* Assignment: The reply should hold only the lines below beginning at the one with "Основные задачи мероприятия" and ending at the one with "( http://www.farnostvizovice.cz/ )", copied exactly, with every picture left out.

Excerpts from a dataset
· · ·

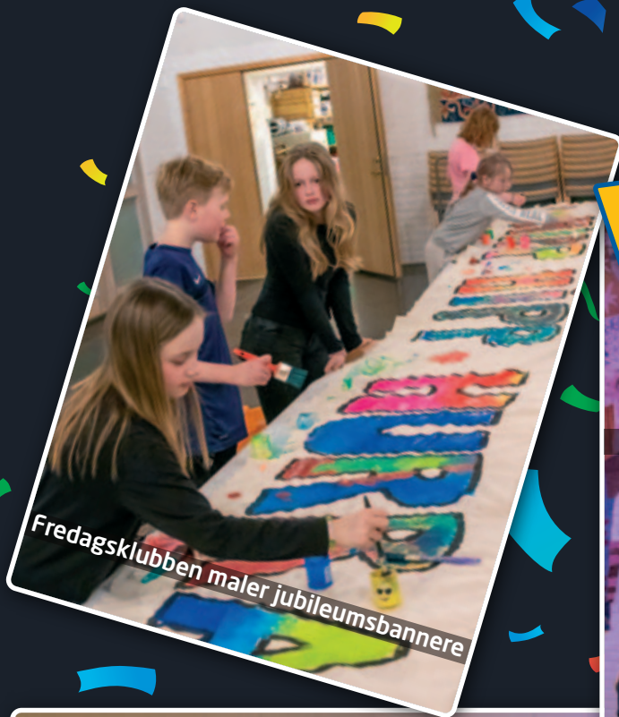
Fredagsklubben maler jubileumsbannere
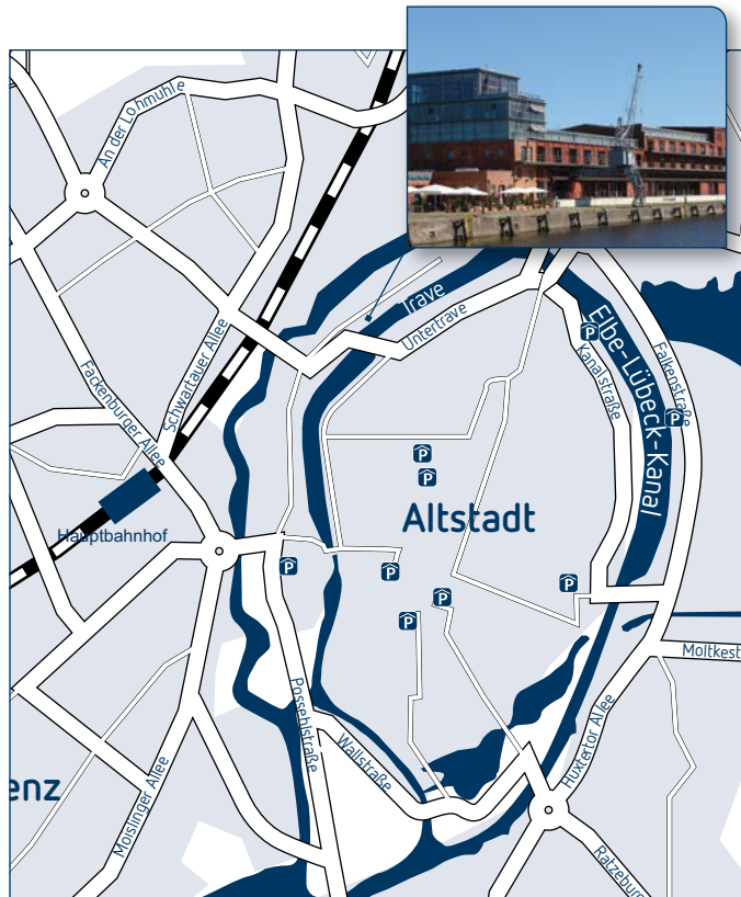
Treibbild: © TTstudio - Fotolia.com; Stabstelle Integrierte Kommunikation, G. Weinberger, Stand Juli 2015

Media Docks Willy-Brandt-Allee 31 23554 Lübeck
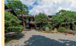
土産 田中本家博物館

須坂市穀町476 ☎026-248-8008 ☺11:00 ~15:30、土日祝10:00~16:00 ◎火曜
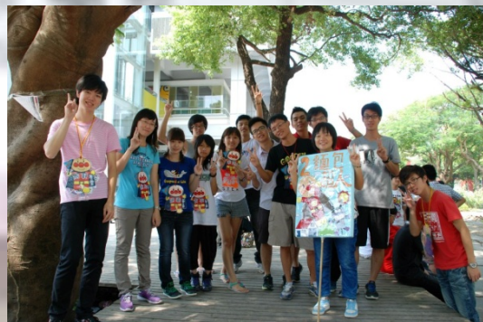
在成大練家隊呼的二家成員們
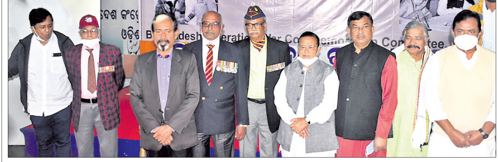
ଓଡ଼ିଶା ପ୍ରଦେଶ କଂଗ୍ରେସ କମିଟି ପକ୍ଷରୁ ମଙ୍ଗଳବାର ଭୁବନେଶ୍ୱରରେ କଂଗ୍ରେସ ଭବନରେ ୧୯୭୧-ବାଲାଇବେ ମୁକ୍ତି ସଂଗ୍ରାମର ୫୦ ବର୍ଷ ପୂର୍ତ୍ତି ଉତ୍ସବ ପାଳନ କରାଯାଇଛି।

ଆଇନ ମନ୍ତ୍ରୀଙ୍କ ଗାଡ଼ିକୁ ଅଣ୍ଟାମାଡ଼ ହେଉଛି। ଆଇନ ମନ୍ତ୍ରୀଙ୍କ ଗାଡ଼ିକୁ ଅଣ୍ଟାମାଡ଼ ହେଉଛି। ଆଇନ ମନ୍ତ୍ରୀଙ୍କ ଗାଡ଼ିକୁ ଅଣ୍ଟାମାଡ଼ ହେଉଛି।
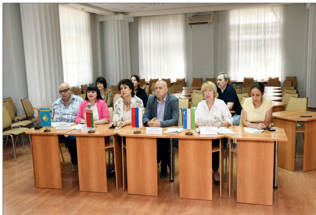
Международный круглый стол, посвященный 80-летию начала Великой Отечественной войны, прошел в онлайн-формате

Основные задачи мероприятия – формирование поликультурного образовательного пространства на основе ди-
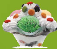
LACASITOS Banilla, marrubi eta pistatxo bola, esne-gainarekin dena marrubiz bustita. 3/6/8
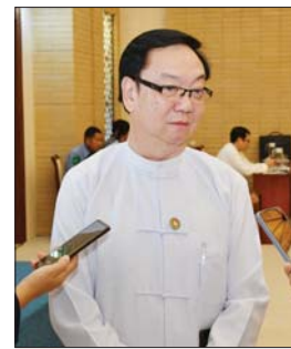
ဒေါက်တာအောင်မြတ်ဦး
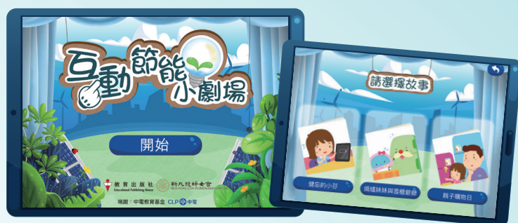
《互動節能小劇場》提供三個與節能生活有關的小故事。

為啟發學生思考，三個小故事의結尾均設有思考問題部分——「 節能想一想 」。老師鼓勵學生們分享他們對故事內容的想法，帶領他們反思日常生活中的用電習慣，學習從小處做起，節能減碳，保護地球。
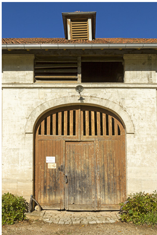
Détail de la façade antérieure au sud-est : la travée du porche.
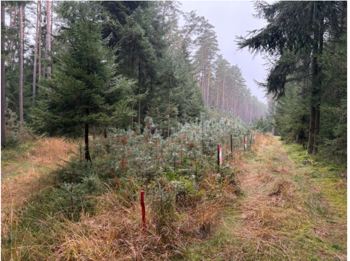
Foto: Blick von der südlichen Grundstücksgrenze nach Norden; links im Bild Bestand I.1,1, rechts Bestand I.1,2
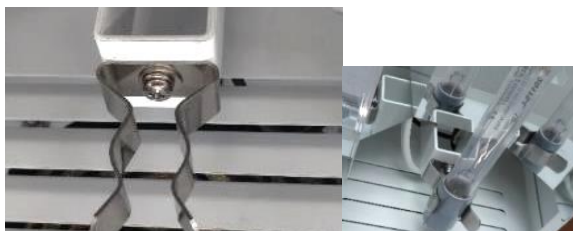
固定クリップランプ先端側

※ご注意：固定クリップはUVCランプ先端側とUVCランプコネクター側にあります。
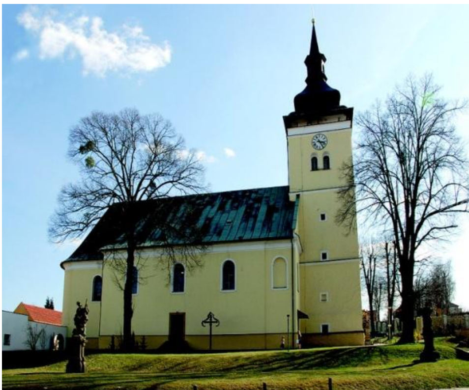
5. „Nový“ vizovický kostel sv. Vavřince vystavený v letech 1793–1795. Věž kostela pochází z roku 1495. Na místě před věží kostela stávala školní budova č. p. 366 vystavená v roce 1785. Před ní na stejném místě stávala pravděpodobně dřevěná škola vystavená v roce 1726. ( http://www.farnostvizovice.cz/ )
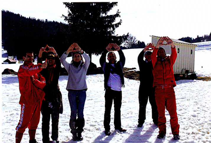
“Cadre de direction cherche œil directeur...”

A u regard des bienfaits du séminaire organisé l’an dernier, l’équipe de cadres ADPEP 21 (chefs de service, directeurs adjoints, directeurs, directeurs de pôle, direction générale) au grand complet s’est réunie à nouveau sur 2 jours, les 24-25 mars 2010 au Centre de Montagne des Jacobeys à Prémanon.
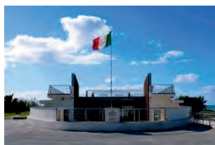
Monumento ai Mille
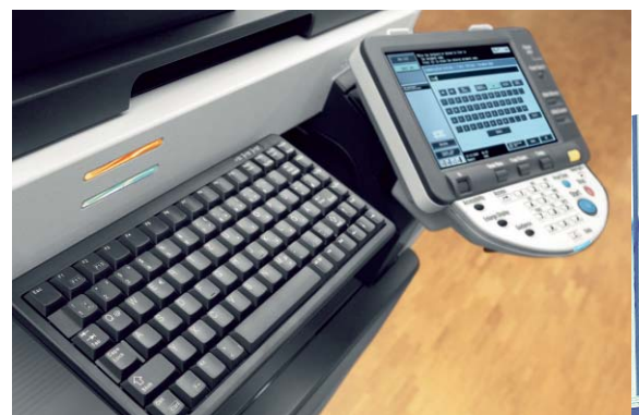
ineo 283 farbiges Touchscreen Display und optionale Tastatur für einfache Eingabe

Profitieren Sie von einem perfekten Team und nutzen Sie die ineo 283 für die Dokumentenproduktion in Schwarzweiß kombiniert mit den ineo+ Systemen für die Erstellung professioneller Farbdokumente.
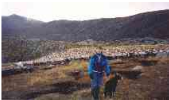
Eallu lea gárddis

· · ·

* Output for this exercise:
Основные задачи мероприятия – формирование поликультурного образовательного пространства на основе ди-
LACASITOS Banilla, marrubi eta pistatxo bola, esne-gainarekin dena marrubiz bustita. 3/6/8
ဒေါက်တာအောင်မြတ်ဦး
《互動節能小劇場》提供三個與節能生活有關的小故事。

為啟發學生思考，三個小故事의結尾均設有思考問題部分——「 節能想一想 」。老師鼓勵學生們分享他們對故事內容的想法，帶領他們反思日常生活中的用電習慣，學習從小處做起，節能減碳，保護地球。
Détail de la façade antérieure au sud-est : la travée du porche.
Foto: Blick von der südlichen Grundstücksgrenze nach Norden; links im Bild Bestand I.1,1, rechts Bestand I.1,2
固定クリップランプ先端側

※ご注意：固定クリップはUVCランプ先端側とUVCランプコネクター側にあります。
5. „Nový“ vizovický kostel sv. Vavřince vystavený v letech 1793–1795. Věž kostela pochází z roku 1495. Na místě před věží kostela stávala školní budova č. p. 366 vystavená v roce 1785. Před ní na stejném místě stávala pravděpodobně dřevěná škola vystavená v roce 1726. ( http://www.farnostvizovice.cz/ )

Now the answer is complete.